Solved – Probability of class in binary classification

classificationmachine learningprobability

I have a binary classification task with classes 0 and 1 and
the classes are unbalanced (class 1: ~8%).
Data is in the range of ~10k samples and #features may vary but around 50-100.

I am only interested in the probability of an input to be in class 1 and
I will use the predicted probability as an actual probability in another
context later (see below).

Am am wondering how to best model this problem.
My current approach isto use a random forest and predict_proba in scikit-learn and use ROC-AUC as a scoring function. The accuracy is 0.92 as it does not
predict any class 1 with proba > 0.5.

After reading into the subject I came accross many suggestions and terms and I
try to put a little structure in all of this. Specifically:

  1. I saw a couple of other scorers which were suggested, i.e.
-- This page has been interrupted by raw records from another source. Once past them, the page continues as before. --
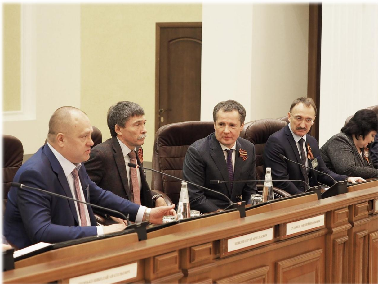
Международная научно-практическая конференция «Не допустить переписывания истории»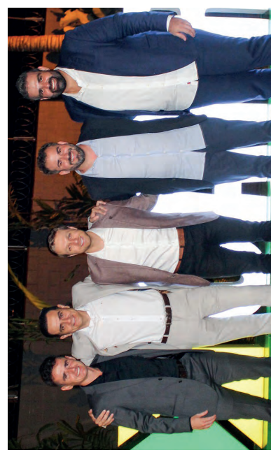
Diretores da CAPREM Construtora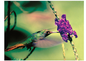
Cooperative interaction: Hummingbird pollinating a species of the Verbenaceae while sucking nectar.

El área de estudio en las laderas del Valle del Rio San Francisco esta ubicada entre las capitales provinciales de Loja y Zamora al sur del Ecuador. El rango altitudinal se extiende desde los 1200 hasta 3000 m sobre el nivel del mar. En esta área, se encuentran desde bosques prístinos hasta bosques en varios estadios de degradación, como también áreas con influencia del impacto humano tales como pastizales abandonados, sitios boscosos explotados, áreas de cultivos y huertos caseros.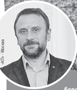
Виктор Гусейнов / «КП» - Москва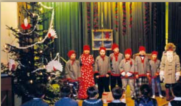
Susimäen koulun joulujuhla v. 1983, Korvatunturin väki näytelmän loppunäytöksissä ja -kumarruksissa.

Silloin lapsijoukko hiljeni odottamaan, mitä asiaa – ja ennen kaikkea, mitä tuliaisia – pukilla olisi. Ja olihan niitä. Kun pukki oli ohjattu istumaan, muutamia isoimpia oppilaita värvättiin pukin apulaisiksi, ja heidän tehtävänsä oli jakaa kaikille lapsille joulupussit, joiden sisältä löytyi pulla tai piparkakku, jouluomena, karkki, ehkäpä jokunen kiiltokuvaakin. Joulupukin kontista jaettiin myös pieniä joulukortteja, joita oppilaat olivat toisilleen kirjoittaneet ja ”lähettäneet Korvatunturin kautta”. Oppilaiden kortit olivat tavallista pienikokoisempia, ja niihin oli kirjoitettu saajan nimen lisäksi osoitteen tilalle ”Joulujuhlissa”, ”Kuusijuhlissa” tai ”Kuusella”.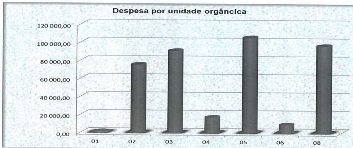
Gráfico n.º 3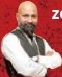
HABER SONER KAN

Pankreas kanseri nedeniyle 65 yaşında hayatını kaybeden, Türk Sanat Müziği sanatçısı Faruk Tınaz, memleketi Adana'da son yolculuğuna uğurlandı. Tınaz'ın eşi Canan Tınaz, eşinin ölümünün bir 'doktor ihmali' olduğu iddiasını yeniledi. Faruk Tınaz'ın cenazesinde kadın ve erkekler birlikte saf tuttu. Tınaz, kendisi gibi yine kanser nedeniyle 13 yıl önce ölen babası Ferit Tınaz ile aynı gün yine aynı aile kabristanında toprağa verildi. ■ 3'te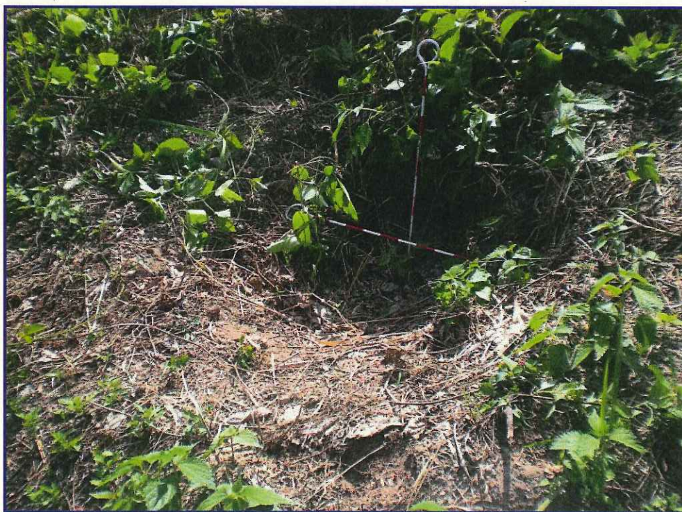
江の川 イノシシによる掘り返し

Cohens kapa,
    Matthews correlation coefficient, PC-AUC and some more.
    Should I look at all of those or is there a favorite for my problem?

  2. I just came accross the probability calibration subject in scikit.
    As I am interested in acual probability I think it's quite relevant.
    Am I right to assume that an additional CalibratedClassifierCV should be
    included in my model as it's based on Decision Trees?
    (is that done automatically in R?)

  3. After looking at some kaggle competitions xgboost seem very promising.
    Is that alsorithm well suited for my problem or do you have other suggestions
    regarding the algorithm (stick to the RF)?

Best Answer

You are considering different classifiers, but in fact this is not a classification problem. You are not interested in classifying your data as zeros and ones, but in predicting probabilities that individual cases are zeros and ones. In this case the usual method of choice, that is designed especially for such problems, is logistic regression. Contrary to popular beliefs, logistic regression is not a classifier, but rather it predicts probabilities, so it does exactly what you want.